「スピーシーは前身の会社時代、'08年ごろから英国政府公認の賭け業者ブックメーカーを使って、サッカーなどの試合結果に『分散して賭ければ必ず利益が出る』としていた。月に出資額の3〜10%という高配当を謳っていたが、もちろん、世の中そんなにおいしい話はない。また、新たな会員を紹介するとマージンを受け取れる仕組みなどが口コミで広がり、出資者を急速に増やしていった。昨年夏時点で少なくとも、全国約6000の個人・法人に上る」(全国紙社会部記者)
まさに典型的なマルチ商法だ。例えば、出資者Aさんが友人のBさんを勧誘して出資させていた場合、Aさんは被害者であり加害者でもある。つまり、この仕組み自体が解決を難しくしているという。
「この事件は大阪府警が捜査を担当しているが、もうひとつ壁となっているのが、投資先が海外であるということ。投資の実体があるにせよないにせよ、捜査当局はそれを証明しなければならない」(同)

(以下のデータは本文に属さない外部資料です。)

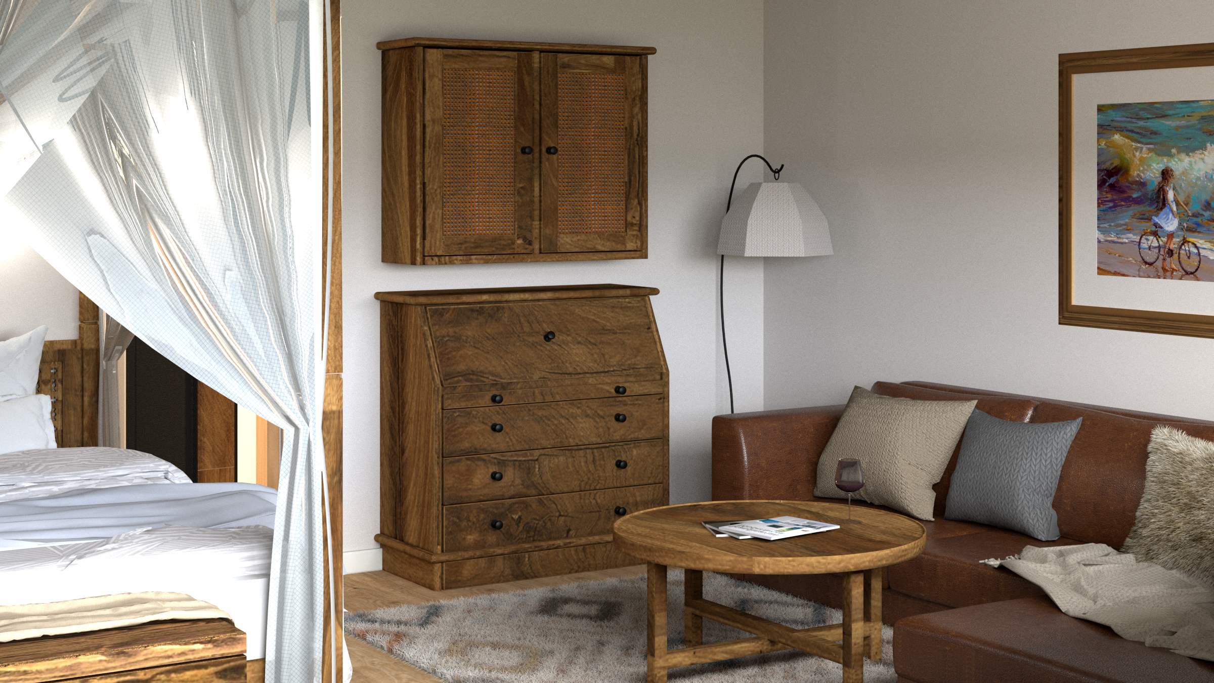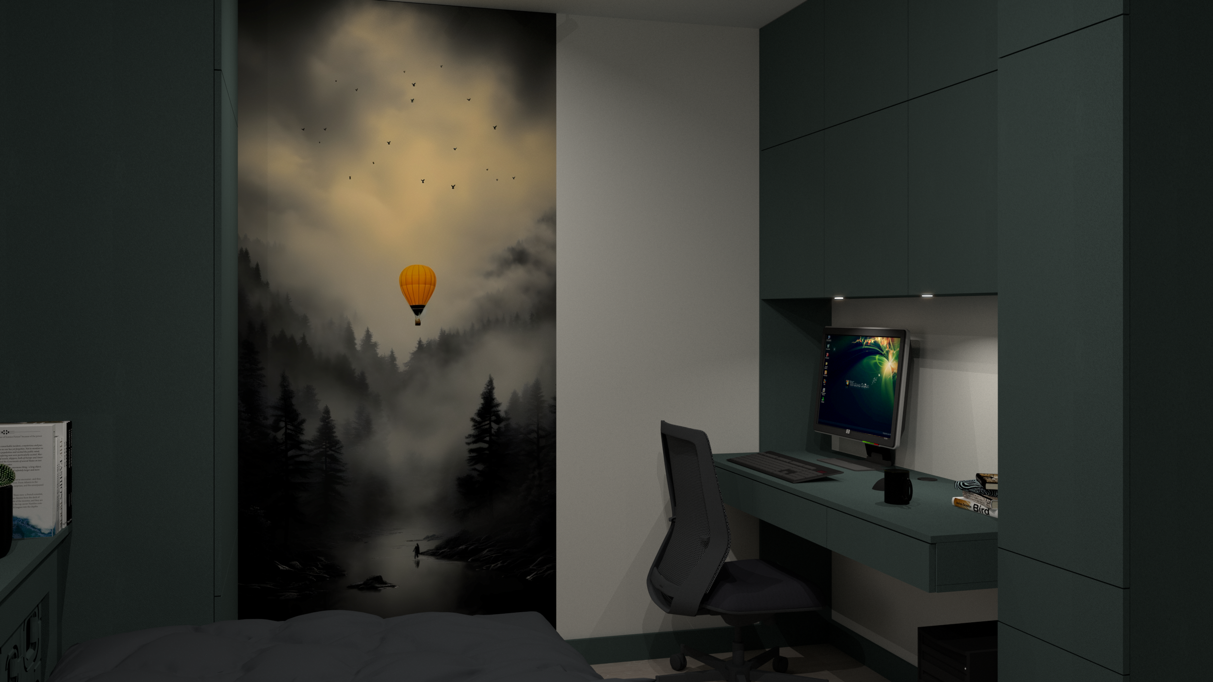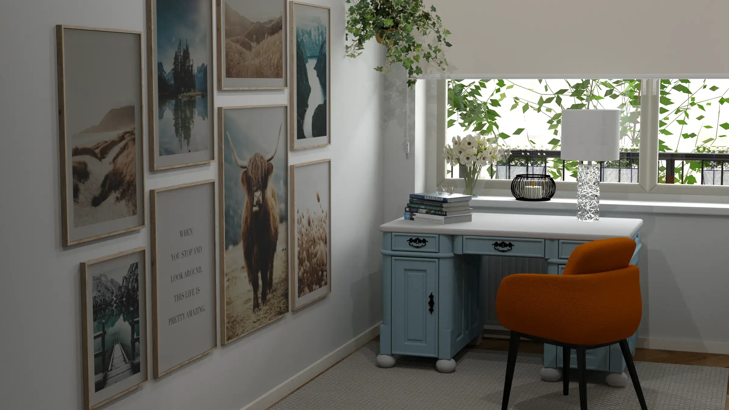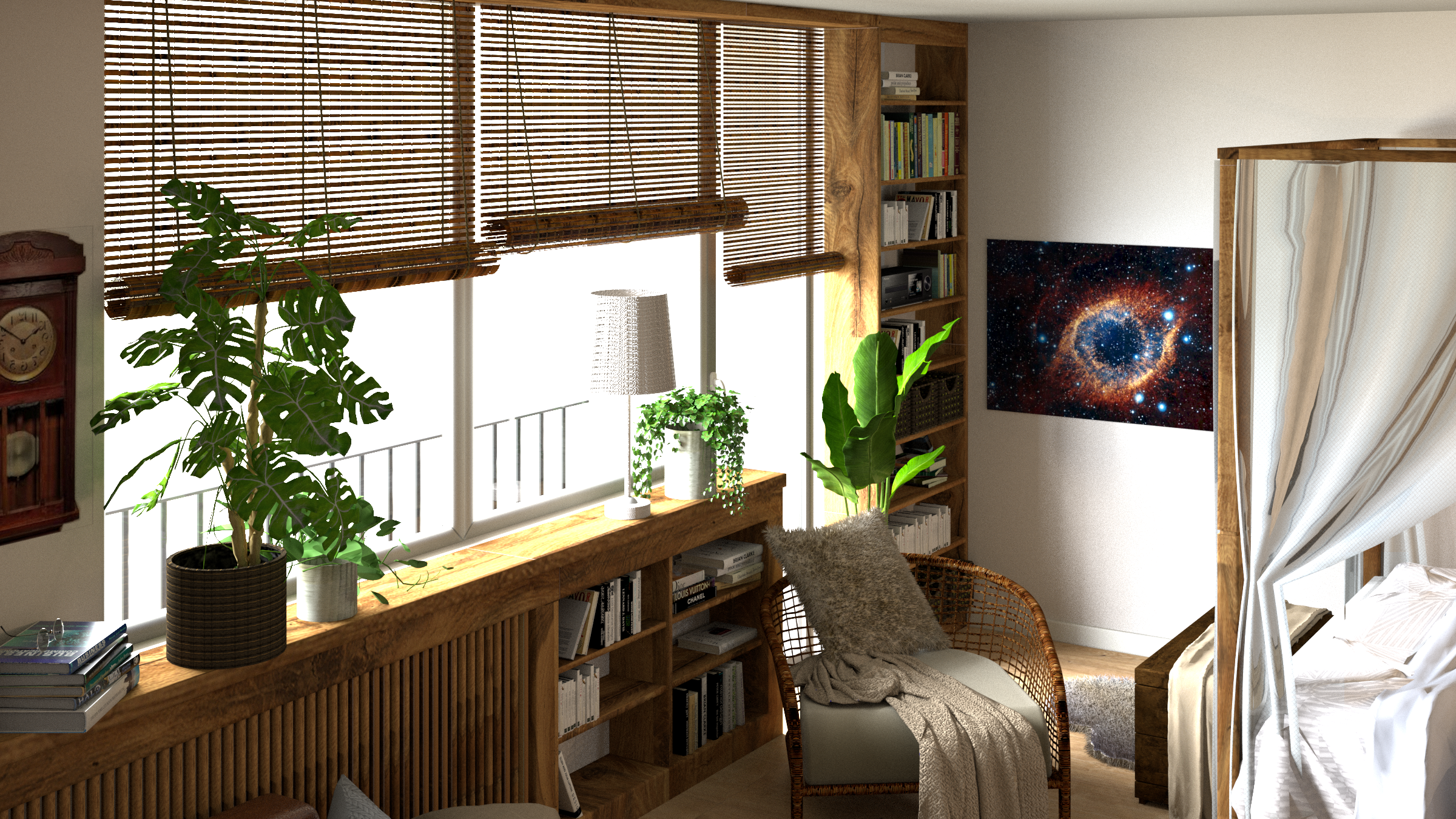 Na poddaszu utworzono dodatkowy pokój pracy z wygodnym fotelem i biurkiem na oryginalnej, metalowej nodze. Stworzone zostały dodatkowe półki na książki i szafka w zabudowie. Drzwi w szafie zajmującej całą ścianę zyskały na lekkości dzięki wstawkom z naturalnego rattanu.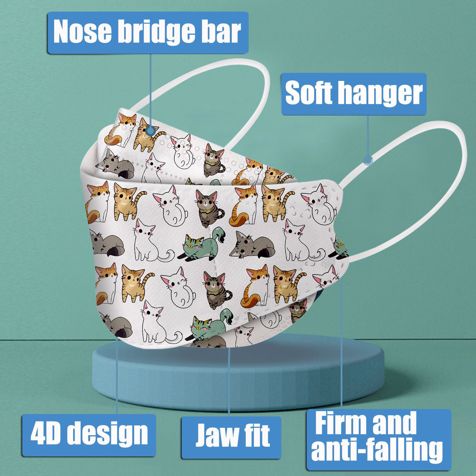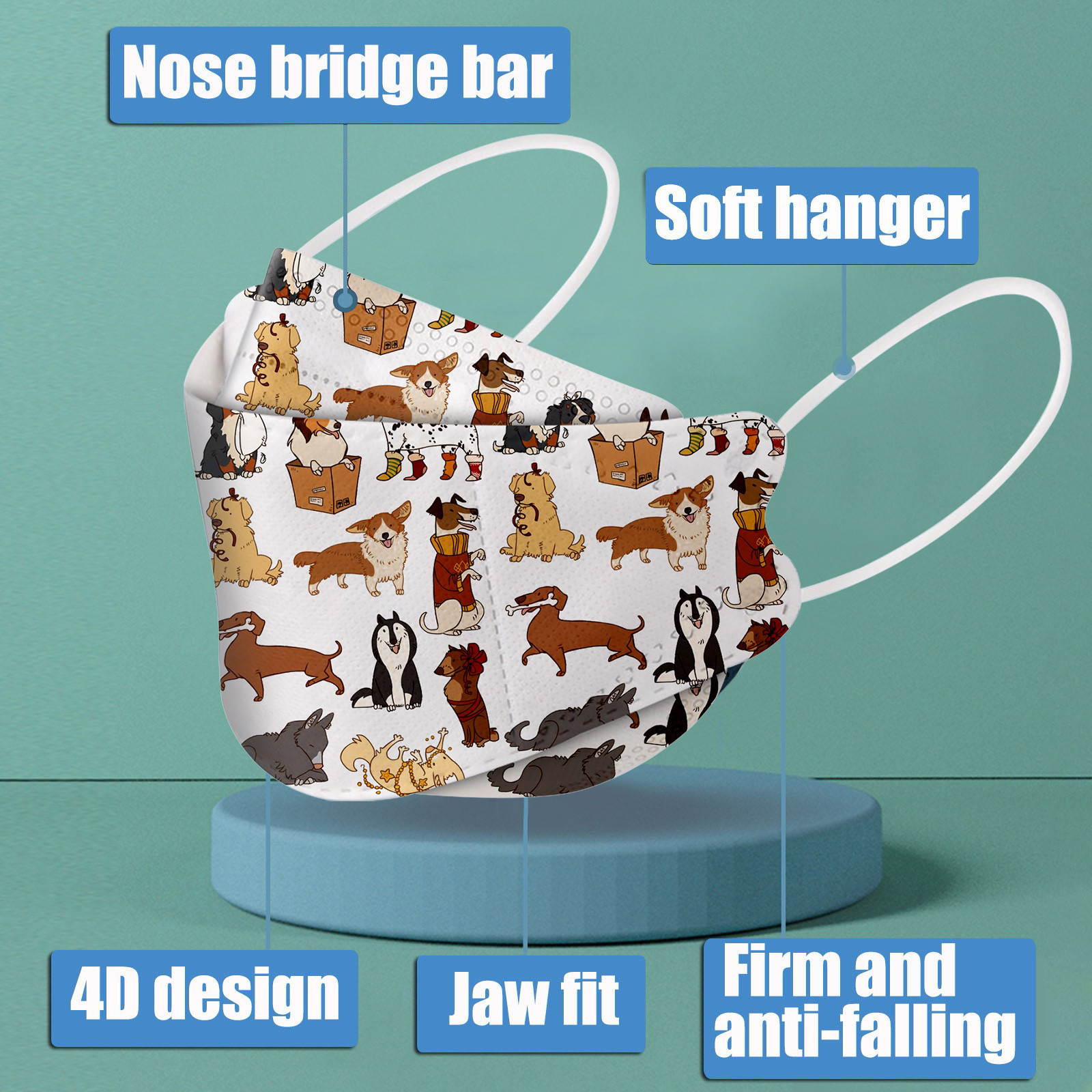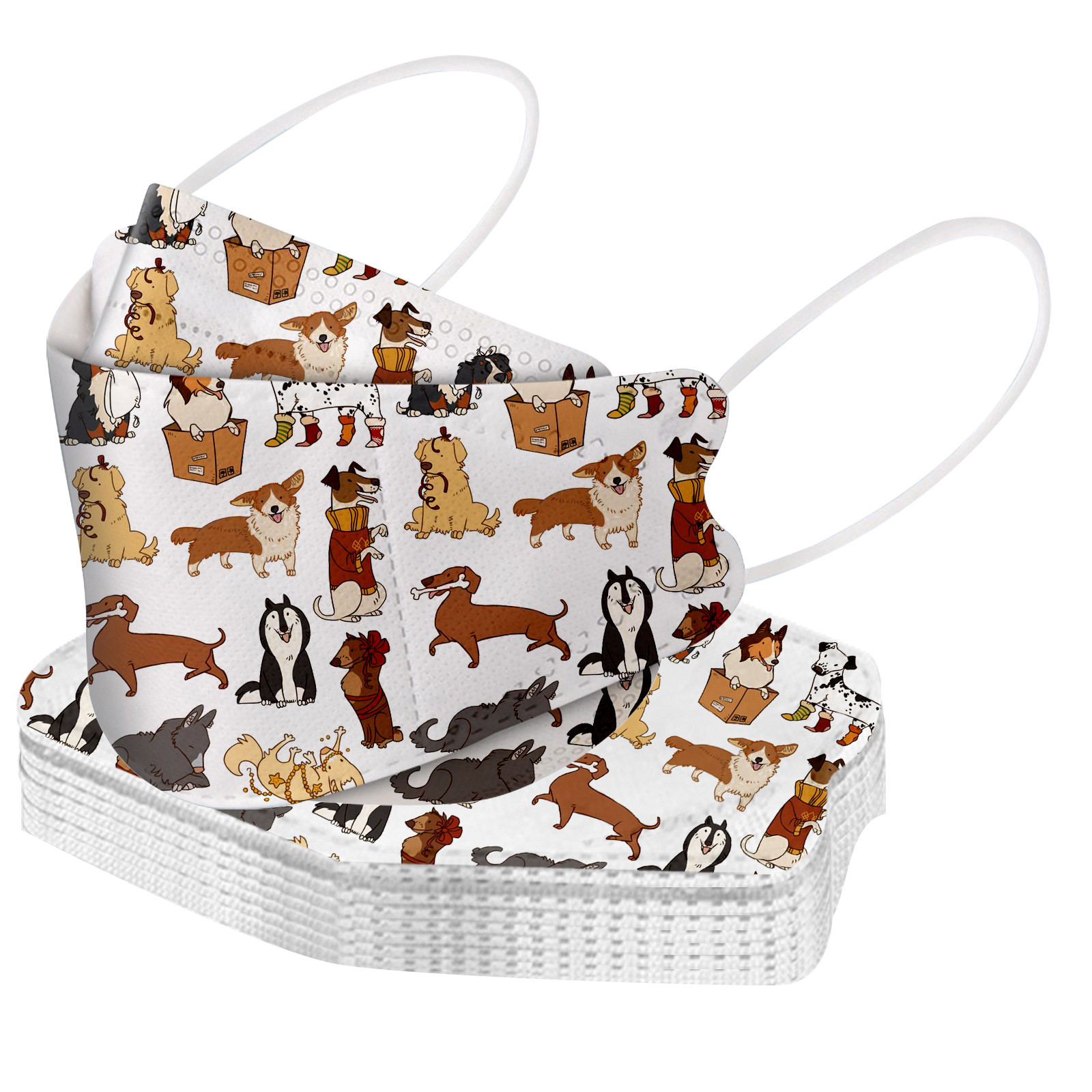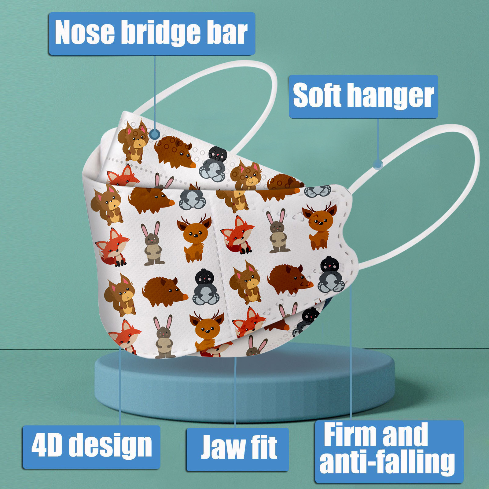 This Kids disposable face_mask is made of 4 ply spunlace non-woven material, it is healthy and safe for kids to use. Breathable material and cute dinosaur,star patterns, which makes it useful and fashionable. Special fish shape 4 ply non-woven design, provides some protections against D'ust, automobile exhaust, pollen, etc. Elastic ear loop, easy to wear and no pressure to the ears.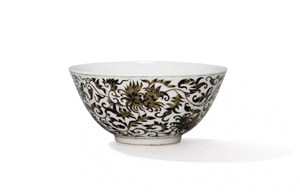 清雍正墨彩纏枝菊紋茶碗。 (佳士得供圖)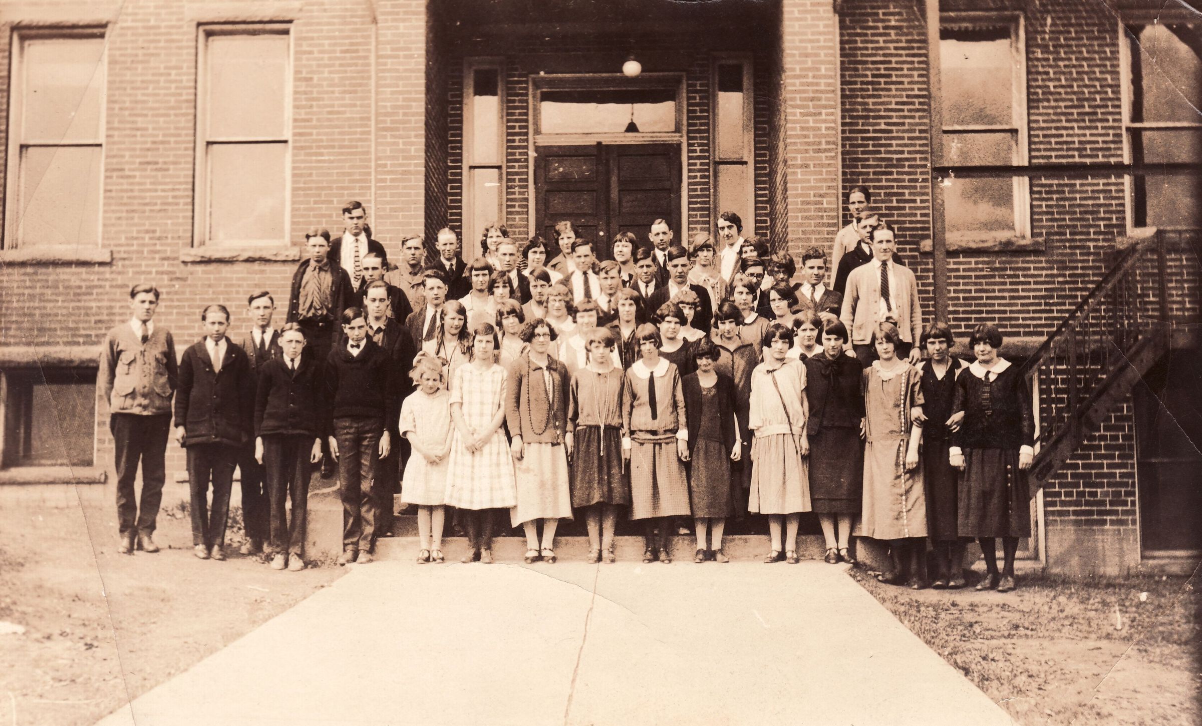 SOURCE CITATION: Center Township High School in Rogersville, Center Township, Greene County, Pennsylvania; circa 1920-1930; item no. BOWL0014, Bowler Series, Ella Ruth (Bowler) Turner Collection; Greene Connections Archives Project (GreeneConnections.com).

一方で損害賠償請求の民事訴訟は、全体からは小さいながらも結果が出ている。大阪と東京で集団訴訟を提起している弁護士事務所の原告の数は、大阪が43人、東京が28人。原告らの実損害額は合計約3億8000万円で、そのうち63%にあたる約2億4200万円を取り戻すことができたという。
「おそらく早めに訴訟を起こしたことで、強制執行が実現したからだろう」(同)
民事訴訟を起こしたのはごくわずかだ。死屍累々たる被害者たちは、果たして今後どうなるのか。